Tuesday November 24th 2020

A new type of immunotherapy has been developed that could pave the way for more cancer treatment options, it was revealed last night (22 November 2020).

A study from Karolinska Institutet in Sweden, published in Proceedings of the National Academy of Sciences, shows that the new immunotherapy has specific antibodies that activate the macrophages to support the immune system and kill the cancer cells.

NK cells, another important cell of the immune system, are primarily activated by this new immunotherapy to work alongside the T cells to kill the tumour, as opposed to existing immunotherapies, in which only the T cells are activated.

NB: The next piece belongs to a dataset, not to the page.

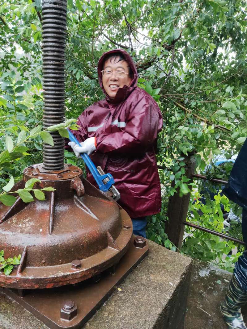 7人中有5人是農發二支部的黨員同志,當他們冒雨趕到小木閘,發現要升起一大二小三個閘門只有靠人力一圈一圈的轉動升降螺桿時,沒有多余話語,立即分工合作。何成就、萬罡、李少金三人用管子鉗轉動兩個小閘門的螺桿,徐揚、王光軼、周旭明、陳中頂四人合力用撬杠轉動中間的大閘門。閘門大而沉重,只有減速機的高轉速比才能通過人力轉動小齒輪帶動大閘門。經過估算,大約轉動200圈閘門升起2cm,要想閘門完全升起離開水面大約需要提升2m的高度,這就大約需要轉20000轉,所以四個人輪流上陣轉動小齒輪,一刻不停,就這樣從早上8點轉到下午4.30,終于將大閘門升離水面。小閘門也是同理,三個人輪換,一個人累了就換下一個。7人從早上7點接到命令,一直干到下午4.30終于完成泄洪任務。看著升離水面的閘門,看著漸漸下降的水位,7個人雖然累的手抬都抬不起來,但是心中有滿滿的成就感。

The study, which was carried out with a team from Rockefeller University in New York, USA, was initially a modelling study before the researchers applied their discovery to human skin tumours to assay the transferability of their results.

Professor Mikael Karlsson, the study's last author from the Department of Microbiology, Tumour and Cell Biology at Karolinska Institutet, said the specific antibodies trigger the human macrophages, which in turn activate the NK cells to kill the cancer cells, indicating that the new immunotherapy activates a different part of the immune system compared to previous therapies.

“It also turns out that when the NK cells are activated by macrophages, their cancer-fighting ability is hugely effective,” he said.

“The teamwork between the NK and T cells boosts their efficacy, which can help make more types of cancer treatable in the future,” he added.

Eisinger S, Sarhan D, Boura VF et al. Targeting a scavenger receptor on tumor-associated macrophages activates tumor cell killing by NK cells. Proceedings of the National Academy of Sciences 23 November 2020.